Since they work undercover, I’ll refrain from describing the VOTF deputies other than to say they are a writer’s dream come true.  I’d love to take the deputies’ quirky looks and personalities and just drop them —plop– straight into my story.

Things I learn from the deputies:

-VOTF is a young person’s game.  Eventually, you will age out of VOTF, probably after five years.

-They wear normal clothes and drive unmarked cars.  They are nic-certified, meaning they can field test for narcotics.

-They have some cases that are assigned to them but in general they get to create their own investigations.

-Their work usually involves busts where they find “a couple of guns and some drugs”.

-It’s hard work to cultivate informants and yes, informants are as annoying as you’d think they’d be.

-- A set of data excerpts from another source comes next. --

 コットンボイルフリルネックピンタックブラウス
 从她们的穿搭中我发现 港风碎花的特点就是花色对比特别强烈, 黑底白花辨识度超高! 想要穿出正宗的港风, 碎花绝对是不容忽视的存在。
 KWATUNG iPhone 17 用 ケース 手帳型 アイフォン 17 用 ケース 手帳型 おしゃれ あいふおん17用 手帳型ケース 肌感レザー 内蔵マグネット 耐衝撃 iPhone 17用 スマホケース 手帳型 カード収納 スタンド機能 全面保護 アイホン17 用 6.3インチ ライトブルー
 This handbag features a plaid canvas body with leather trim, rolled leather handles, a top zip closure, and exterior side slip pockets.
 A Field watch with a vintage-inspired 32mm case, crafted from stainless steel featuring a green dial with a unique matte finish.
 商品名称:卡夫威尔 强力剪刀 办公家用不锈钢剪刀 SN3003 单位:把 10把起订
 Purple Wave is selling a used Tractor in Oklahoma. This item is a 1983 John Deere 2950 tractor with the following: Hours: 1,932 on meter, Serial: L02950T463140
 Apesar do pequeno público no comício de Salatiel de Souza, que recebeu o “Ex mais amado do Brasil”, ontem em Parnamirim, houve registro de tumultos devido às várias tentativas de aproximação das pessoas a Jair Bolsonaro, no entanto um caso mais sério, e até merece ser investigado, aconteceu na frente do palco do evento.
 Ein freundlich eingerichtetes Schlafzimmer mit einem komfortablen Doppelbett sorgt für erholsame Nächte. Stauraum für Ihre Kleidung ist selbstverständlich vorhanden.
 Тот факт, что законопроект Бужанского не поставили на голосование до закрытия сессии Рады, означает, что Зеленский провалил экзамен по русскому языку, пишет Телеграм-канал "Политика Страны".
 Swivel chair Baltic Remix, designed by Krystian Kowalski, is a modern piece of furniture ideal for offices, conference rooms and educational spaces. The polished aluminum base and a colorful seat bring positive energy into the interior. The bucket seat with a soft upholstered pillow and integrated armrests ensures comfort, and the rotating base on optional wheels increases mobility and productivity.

The deputies spend a lot of time chasing down or babysitting their informants but, as one of the deputies says during their presentation, “What am I gonna do?  Get information about drug dealers from you?”  He bends down and looks at me.  “Do you know any drug dealers?”

It’s a rhetorical question, right?

At the end of their presentation, the VOTF deputies allow us to handle confiscated weapons including an AK-47.  We also get to try on bullet-proof vests.  I wish I could have taken a photo of the SinC members wearing those vests, but photos were forbidden due to the sensitive nature of the VOTF deputies’ work.  I hope we can get a group picture soon.

AK-47 Source: Wikipedia
AK-47 Source: Wikipedia

As the lady in uniform predicted, I learned a lot.  Can’t wait to see what week number two of the academy will bring.